Sir Hans Sloane, 1st Baronet PRS (16 April 1660 – 11 January 1753), was an Anglo-Irish physician, naturalist, and collector, with a collection of 71,000 items which he bequeathed to the British nation, thus providing the foundation of the British Museum, the British Library, and the Natural History Museum, London. He was elected to the Royal Society at the age of 24. Sloane travelled to the Caribbean in 1687 and documented his travels and findings with extensive publications years later. Sloane was a renowned medical doctor among the aristocracy and was elected to the Royal College of Physicians at age 27. He is credited with creating drinking chocolate. Streets and places were later named after him, including Hans Place, Hans Crescent, and Sloane Square in and around Chelsea, London – the area of his final residence – and also Sir Hans Sloane Square in his birthplace in Ireland, Killyleagh.

After studying medicine and botany in London, Paris and Montpellier, Sloane graduated from the University of Orange in 1684 as an MD and moved to London to practice; he was hired as an assistant to prominent physician Thomas Sydenham who gave the young man valuable introductions to practice.

In his own practice, started in 1689 at 3 Bloomsbury Place, London, Sloane worked among the upper classes where he was viewed as fashionable; he built a large practice which became lucrative.

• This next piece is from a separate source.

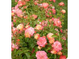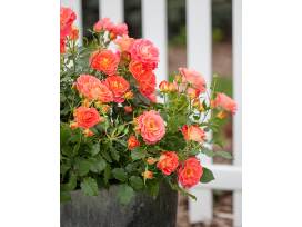 Incredible color, petite size, and incredible disease resistance - what more could you want from a rose? This everblooming gem has double blooms whose outer petals are dark pink changing to orange and finally to bright yellow at the center. The small, perfectly rounded form would make Coral Cove an outstanding informal hedge along a walkway or garden path. The color is so easy to combine it should have a place in every perennial border. Portland Rose Society Best Shrub Rose 2014. Full sun. Zones 4-9.

The physician served three successive sovereigns: Queen Anne, George I, and George II.

There was some criticism of Sloane during his lifetime as a mere “virtuoso”, an undiscriminating collector who lacked understanding of scientific principles. One critic stated that he was merely interested in the collection of knick-knacks, and another called him the “foremost toyman of his time”. Sir Isaac Newton described Sloane as “a villain and rascal” and “a very tricking fellow”. Some believed that his true achievement was in making friends in high society and with important political figures, rather than in science. Even as a physician, he did not get a great deal of respect from many, being seen as primarily a seller of medications and a collector of curios. Sloane’s only medical publication, an Account of a Medicine for Soreness, Weakness and other Distempers of the Eyes (London, 1745), was not published until its author was in his eighty-fifth year and had retired from practice.

In 1716 Sloane was created a baronet, making him the first medical practitioner to receive a hereditary title. In 1719 he became president of the Royal College of Physicians, holding the office for sixteen years. In 1722 he was appointed physician-general to the army, and in 1727 first physician to George II.

He was elected president of Royal College of Physicians in 1719 and served in that role until 1735. He became secretary to the Royal Society in 1693,  and edited its Philosophical Transactions for twenty years. In 1727 he succeeded Sir Isaac Newton as president. He retired from the Society at the age of eighty.

Sloane’s role as First Secretary and later President of the Royal Society, a period which included his revitalising editorship of the Philosophical Transactions, permitted Sloane little time for progressing his own scientific research, which led to the criticism of Sloane as a mere “virtuoso”.

Aside from his service as Royal Physician, Sloane’s true achievement during his time at the Royal Society was in acting as a conduit between the worlds of science, politics and high society.

Sloane’s time in France at the beginning of his career later enabled him to fulfil the role of intermediary between British and French scientists, fostering the sharing of knowledge between the two countries at the height of the Age of Enlightenment. Notables from that period who visited Sloane to view his collection include the Swiss anatomist Albrecht von Haller, Voltaire, Benjamin Franklin and Carl Linnaeus.

In 1745, at the age of eighty-five and after having retired from medical practice, Sloane published his first medical work, Account of a Medicine for Soreness, Weakness and other Distempers of the Eyes (London, 1745).